Pantauan media ini menunjukkan bahwa mediasi berlangsung dari pukul 10:43 WIT hingga 14:32 WIT. Meski begitu, proses tersebut tidak menghasilkan kesepakatan. Baik pihak pemohon, Bapaslon Sarifa, maupun pihak termohon KPU Fakfak, tetap berpegang pada posisi masing-masing.
Hal ini diungkapkan oleh Ketua Bawaslu Fakfak, Arifin Takamokan, melalui pesan WhatsApp.
“Hasil mediasi menunjukkan bahwa pihak pemohon tetap pada pokok-pokok permohonannya, sementara pihak termohon tetap pada keputusan yang telah dikeluarkan sebelumnya. Akibatnya, musyawarah tertutup tidak menghasilkan kesepakatan,” jelas Arifin.

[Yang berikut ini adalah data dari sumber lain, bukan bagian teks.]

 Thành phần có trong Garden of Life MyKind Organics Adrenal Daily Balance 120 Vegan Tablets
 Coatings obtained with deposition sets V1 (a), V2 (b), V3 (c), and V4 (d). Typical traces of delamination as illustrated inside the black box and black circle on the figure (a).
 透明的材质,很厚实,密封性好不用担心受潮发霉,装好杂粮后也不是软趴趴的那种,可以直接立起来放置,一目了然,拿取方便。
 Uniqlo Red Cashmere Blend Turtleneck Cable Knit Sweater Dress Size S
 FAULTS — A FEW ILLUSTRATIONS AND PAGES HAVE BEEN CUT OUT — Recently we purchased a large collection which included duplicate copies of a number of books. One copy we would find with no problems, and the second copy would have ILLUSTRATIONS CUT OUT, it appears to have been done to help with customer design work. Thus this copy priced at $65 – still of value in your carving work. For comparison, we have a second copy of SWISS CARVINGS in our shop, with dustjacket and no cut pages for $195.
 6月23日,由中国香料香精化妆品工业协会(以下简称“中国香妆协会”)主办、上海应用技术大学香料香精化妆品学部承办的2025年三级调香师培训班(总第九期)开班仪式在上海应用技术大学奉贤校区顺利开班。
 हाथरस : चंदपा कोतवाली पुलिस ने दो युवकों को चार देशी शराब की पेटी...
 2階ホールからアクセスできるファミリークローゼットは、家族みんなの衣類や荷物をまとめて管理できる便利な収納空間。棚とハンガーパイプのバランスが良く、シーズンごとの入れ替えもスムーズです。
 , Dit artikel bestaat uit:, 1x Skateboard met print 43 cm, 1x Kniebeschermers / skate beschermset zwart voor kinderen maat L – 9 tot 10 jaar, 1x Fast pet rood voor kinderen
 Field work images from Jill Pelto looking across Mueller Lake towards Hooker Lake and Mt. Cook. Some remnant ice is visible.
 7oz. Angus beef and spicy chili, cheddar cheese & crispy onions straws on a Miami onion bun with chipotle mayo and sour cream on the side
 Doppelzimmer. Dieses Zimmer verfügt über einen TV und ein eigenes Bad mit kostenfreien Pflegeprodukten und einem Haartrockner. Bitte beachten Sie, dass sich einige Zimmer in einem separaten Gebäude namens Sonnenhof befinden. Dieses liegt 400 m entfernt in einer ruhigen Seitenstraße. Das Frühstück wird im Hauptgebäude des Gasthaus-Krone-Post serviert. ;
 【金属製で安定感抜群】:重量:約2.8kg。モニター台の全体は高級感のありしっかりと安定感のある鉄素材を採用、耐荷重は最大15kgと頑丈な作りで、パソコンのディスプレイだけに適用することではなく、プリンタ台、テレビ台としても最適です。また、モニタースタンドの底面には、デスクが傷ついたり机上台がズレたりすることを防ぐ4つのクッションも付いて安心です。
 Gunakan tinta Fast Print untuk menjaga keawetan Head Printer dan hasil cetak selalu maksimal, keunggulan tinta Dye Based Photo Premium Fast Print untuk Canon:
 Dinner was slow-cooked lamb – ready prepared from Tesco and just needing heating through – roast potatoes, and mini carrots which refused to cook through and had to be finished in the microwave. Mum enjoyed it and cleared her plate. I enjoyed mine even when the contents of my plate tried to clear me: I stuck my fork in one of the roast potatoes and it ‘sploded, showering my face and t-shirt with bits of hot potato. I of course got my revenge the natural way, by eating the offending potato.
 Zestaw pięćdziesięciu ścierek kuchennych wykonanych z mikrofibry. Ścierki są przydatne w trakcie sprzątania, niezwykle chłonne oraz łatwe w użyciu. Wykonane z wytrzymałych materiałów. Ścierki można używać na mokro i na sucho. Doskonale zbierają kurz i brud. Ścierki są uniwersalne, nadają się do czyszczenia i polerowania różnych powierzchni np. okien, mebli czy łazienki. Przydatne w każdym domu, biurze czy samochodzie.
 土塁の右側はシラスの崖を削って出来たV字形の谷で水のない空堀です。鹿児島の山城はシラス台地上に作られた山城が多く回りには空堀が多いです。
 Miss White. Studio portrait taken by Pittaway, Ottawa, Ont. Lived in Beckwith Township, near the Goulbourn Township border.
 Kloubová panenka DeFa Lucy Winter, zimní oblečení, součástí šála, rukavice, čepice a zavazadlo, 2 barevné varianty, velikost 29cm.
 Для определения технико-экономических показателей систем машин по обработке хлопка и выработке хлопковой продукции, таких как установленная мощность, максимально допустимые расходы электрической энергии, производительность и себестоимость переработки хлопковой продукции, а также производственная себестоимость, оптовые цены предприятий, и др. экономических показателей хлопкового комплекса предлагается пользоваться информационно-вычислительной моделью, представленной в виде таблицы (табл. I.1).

Menghadapi situasi ini, Arifin menyatakan bahwa langkah selanjutnya adalah melanjutkan proses ke musyawarah terbuka atau sidang adjudikasi. Sidang adjudikasi dijadwalkan akan berlangsung pada hari Senin, 12 Agustus 2024, di ruang sidang Bawaslu Fakfak.
Di tempat yang sama, Josan Massa, Divisi Teknis Penyelenggara Pemilu KPU Fakfak, mengonfirmasi bahwa mediasi memang tidak mencapai kesepakatan dan proses akan berlanjut ke adjudikasi.
“Proses mediasi berjalan dengan aman dan lancar. Kami juga mengapresiasi kehadiran aparat kepolisian yang hadir secara non-formal untuk menjaga keamanan di lokasi,” tutup Josan.